§ WHAT TO WORK ON
Output all of the data exactly as it appears, but leave out any pictures it contains.

§ MATERIAL SHOWN
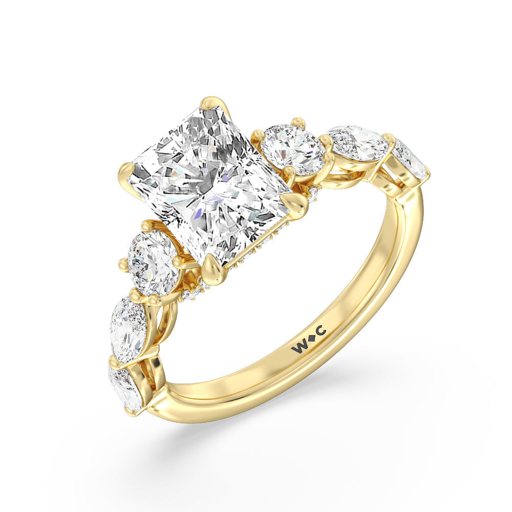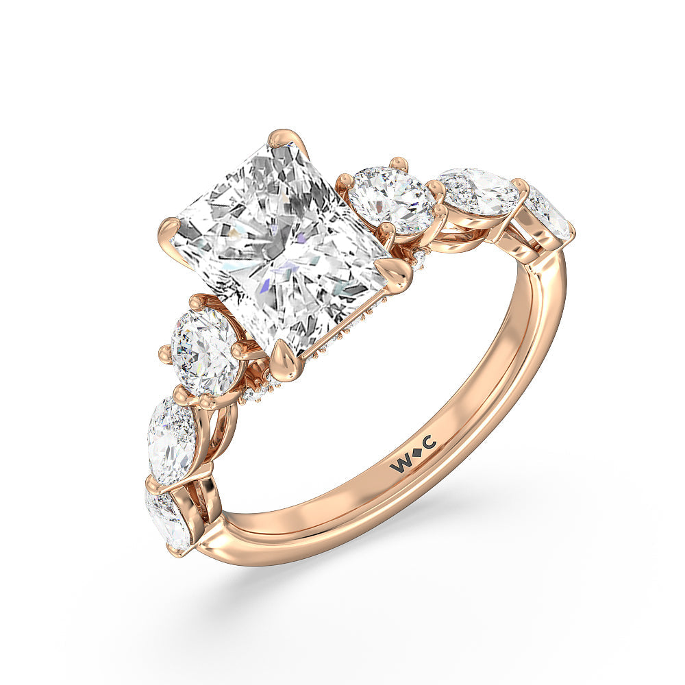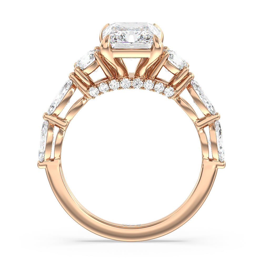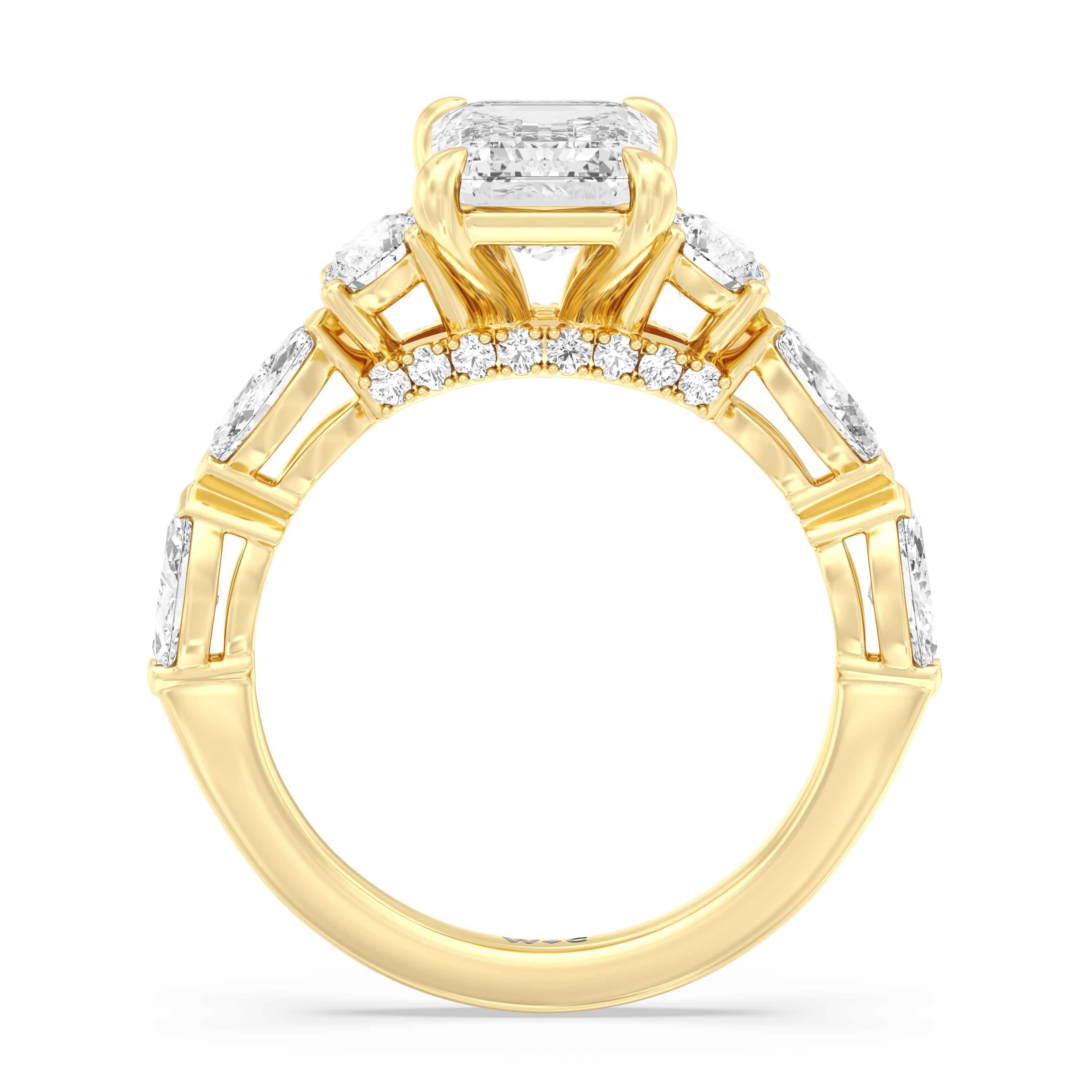 Designed for the fashion forward bride to be, this engagement ring impresses with its studded band adorned with fancy cut diamonds. The ring's diamond lined shoulders are sculpted to follow the shape of the side stones that lead to a shimmering lab grown central diamond. The bridge is marked by smaller round diamonds for added sparkle.
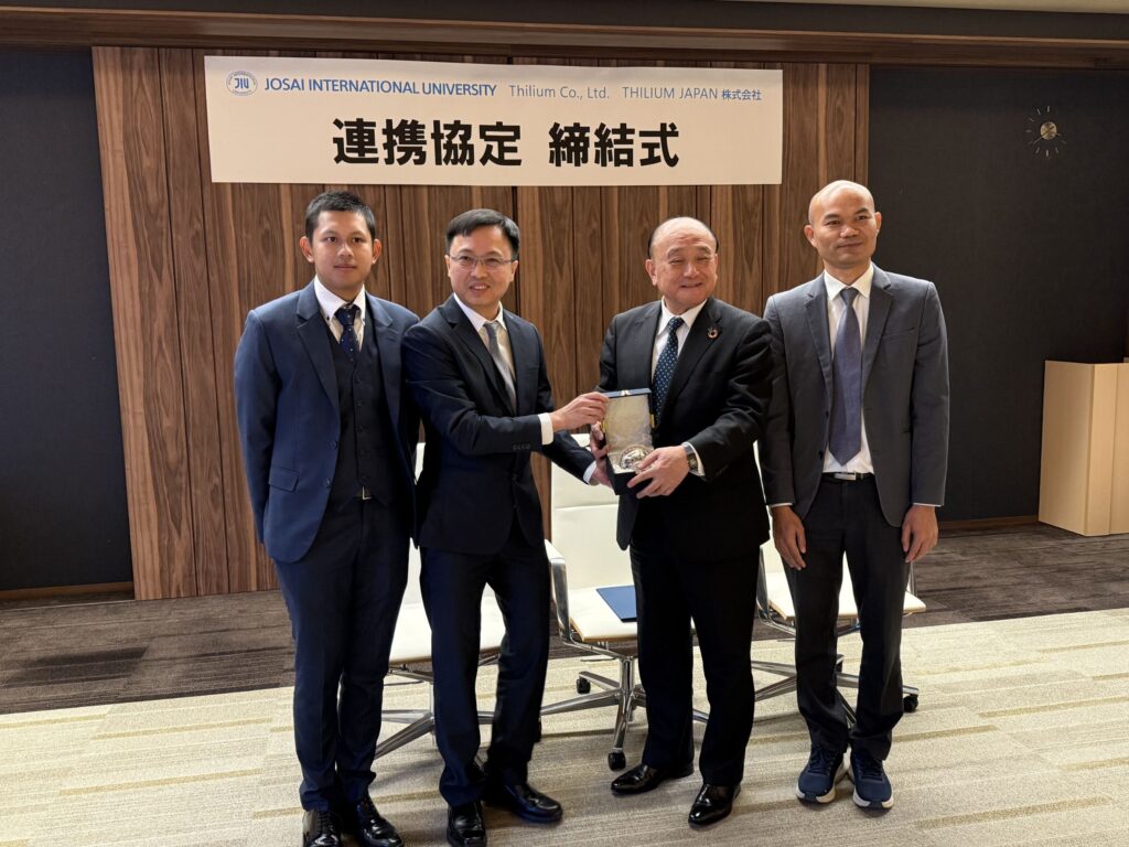 the signing ceremony (from left) Thilium Co., Ltd. CEO Clark, University President Kurabayashi, and THILIUM
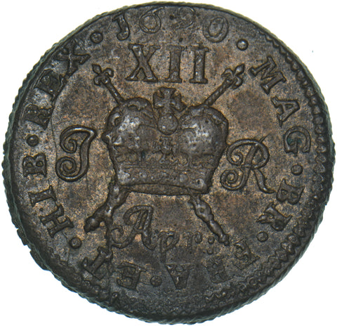 1690 Ireland Gunmoney Shilling (Apr:) - James II Copper/Brass Coin - Very Nice
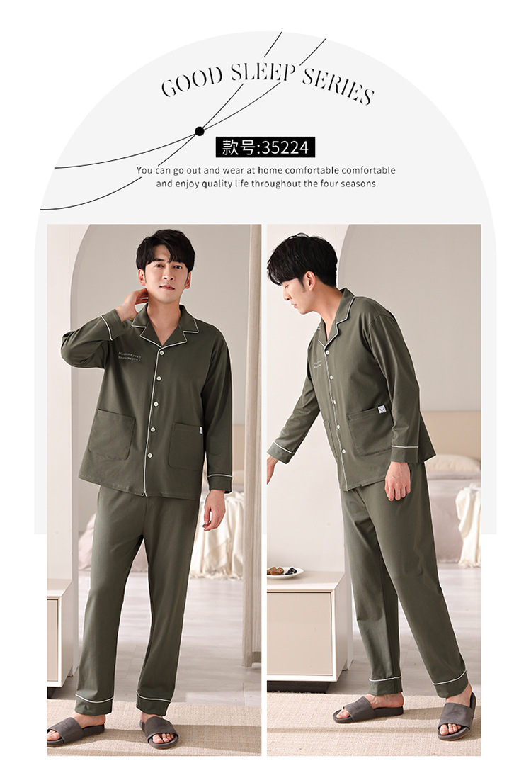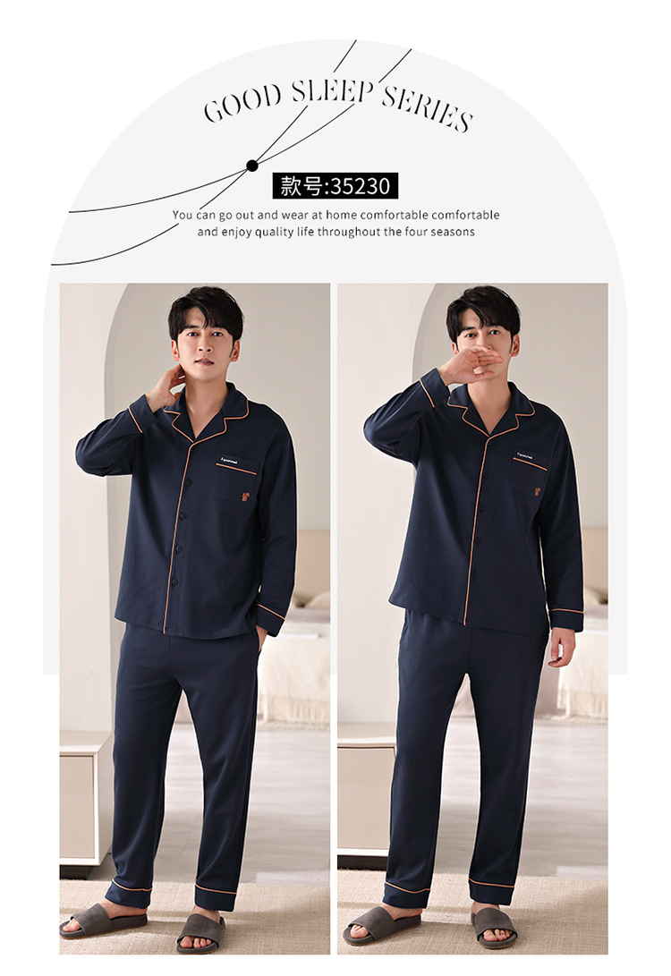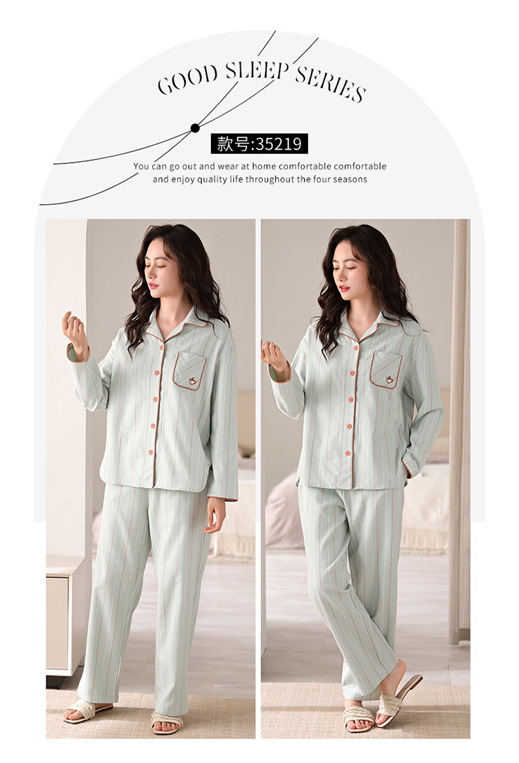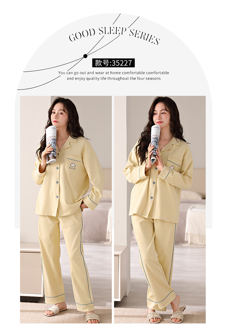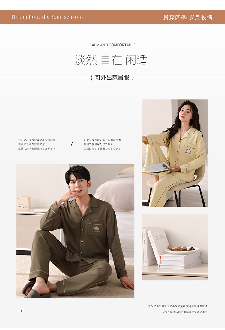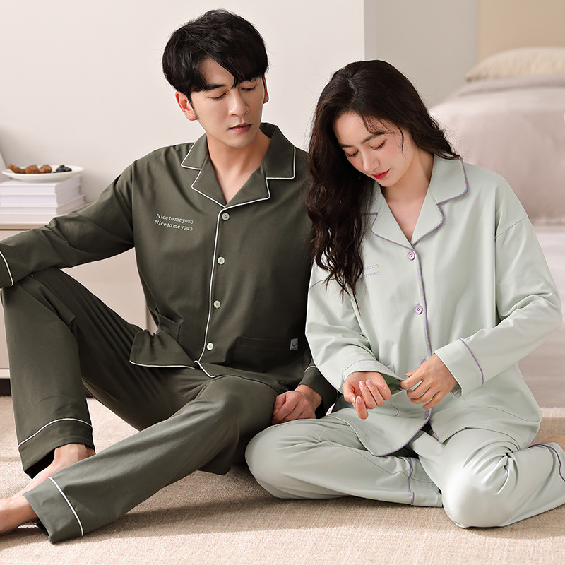 순면 커플 잠옷 여성의 봄과 가을 카디건 옷깃 캐주얼 느슨한 겨울 남자 홈 옷 세트 입고스토어 가기
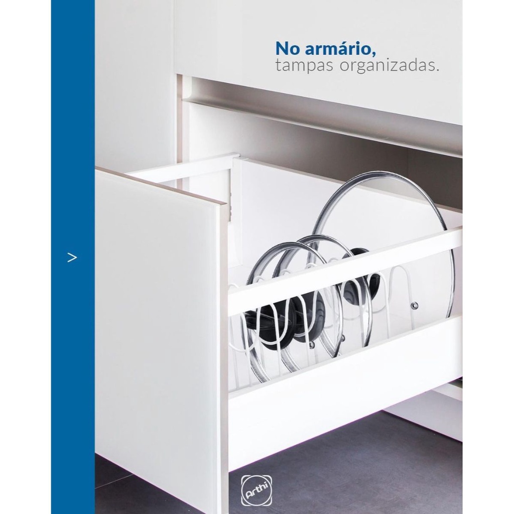 Organizador De Tampa Panela Potes Aço Branco 6 Divisões
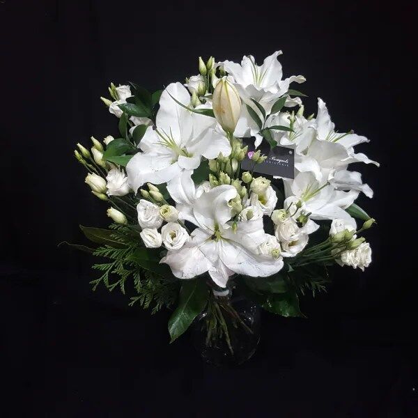 Una belleza natural de flores blancas que perfuman el ambiente en el cual se ubique. Por lo tanto, es un maravilloso Ramo de Lilium Blanco con complemento de otras flores del mismo color, donde se destaca la Pureza total y además, sus verdes elegantes hacen del ramo de una elegancia total.
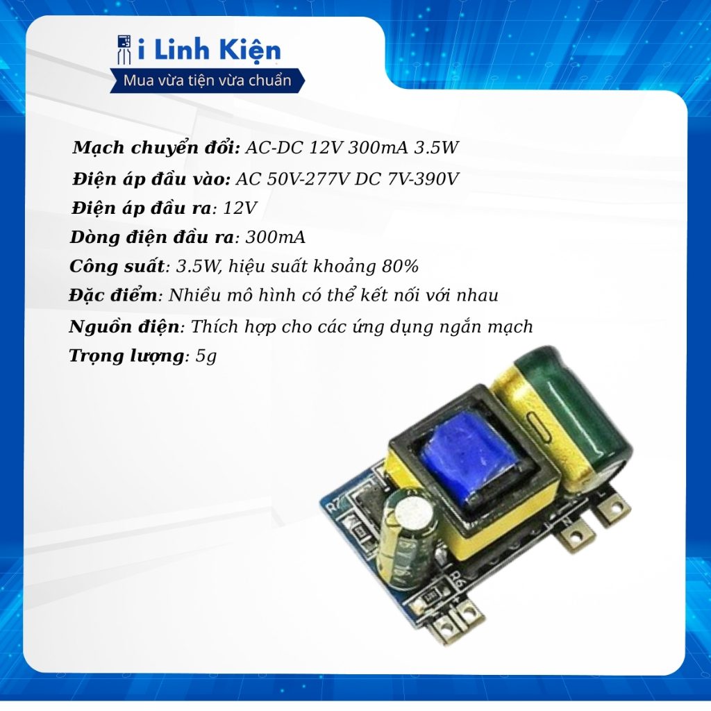 Module nguồn AC 220V sang DC 12V 300mA chất lượng tốt.
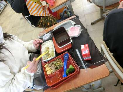 ・中学校給食は小学校で食べてきたお弁当に収まり切りませんでした。中学校へ成長すると食べる量がかわるのを実感できました。
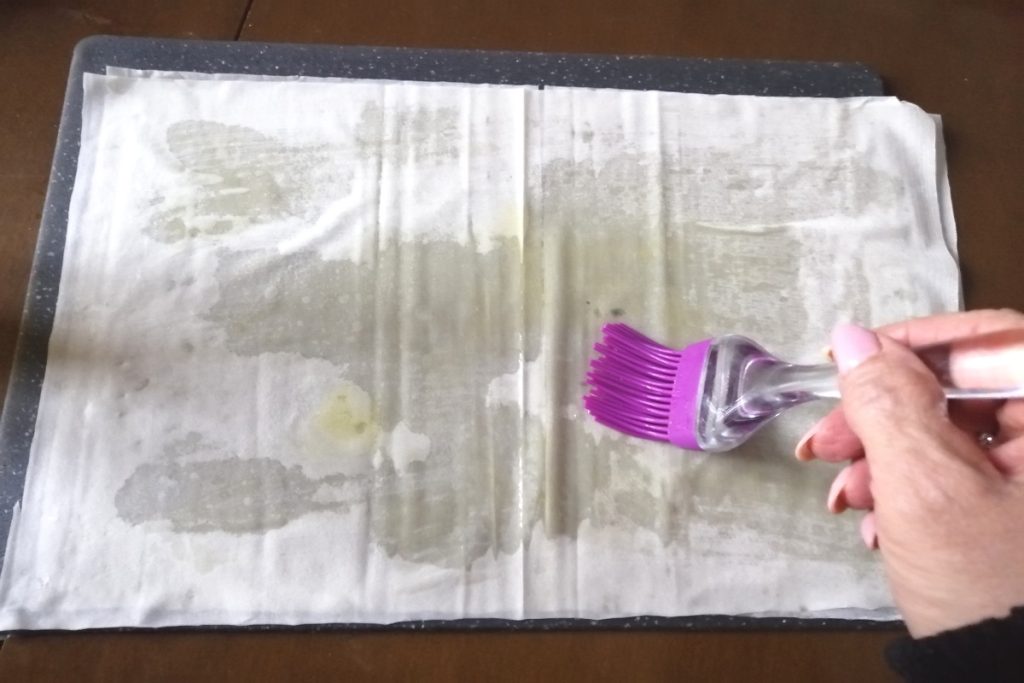 • Auf einer Arbeitsfläche ein Filoteigblatt ausbreiten und leicht mit Öl bestreichen.
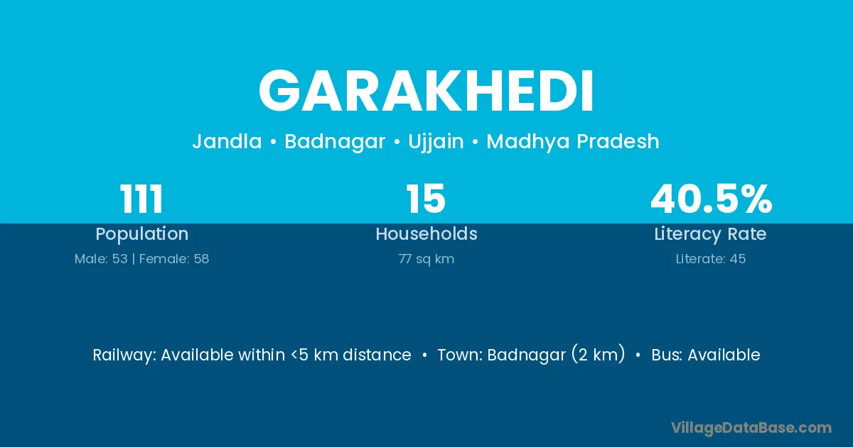 Garakhedi village has a total population of 111 people, of which 53 are males and 58 are females.

§ ANSWER TO THIS TASK
 Designed for the fashion forward bride to be, this engagement ring impresses with its studded band adorned with fancy cut diamonds. The ring's diamond lined shoulders are sculpted to follow the shape of the side stones that lead to a shimmering lab grown central diamond. The bridge is marked by smaller round diamonds for added sparkle.
 the signing ceremony (from left) Thilium Co., Ltd. CEO Clark, University President Kurabayashi, and THILIUM
 1690 Ireland Gunmoney Shilling (Apr:) - James II Copper/Brass Coin - Very Nice
 순면 커플 잠옷 여성의 봄과 가을 카디건 옷깃 캐주얼 느슨한 겨울 남자 홈 옷 세트 입고스토어 가기
 Organizador De Tampa Panela Potes Aço Branco 6 Divisões
 Una belleza natural de flores blancas que perfuman el ambiente en el cual se ubique. Por lo tanto, es un maravilloso Ramo de Lilium Blanco con complemento de otras flores del mismo color, donde se destaca la Pureza total y además, sus verdes elegantes hacen del ramo de una elegancia total.
 Module nguồn AC 220V sang DC 12V 300mA chất lượng tốt.
 ・中学校給食は小学校で食べてきたお弁当に収まり切りませんでした。中学校へ成長すると食べる量がかわるのを実感できました。
 • Auf einer Arbeitsfläche ein Filoteigblatt ausbreiten und leicht mit Öl bestreichen.
 Garakhedi village has a total population of 111 people, of which 53 are males and 58 are females.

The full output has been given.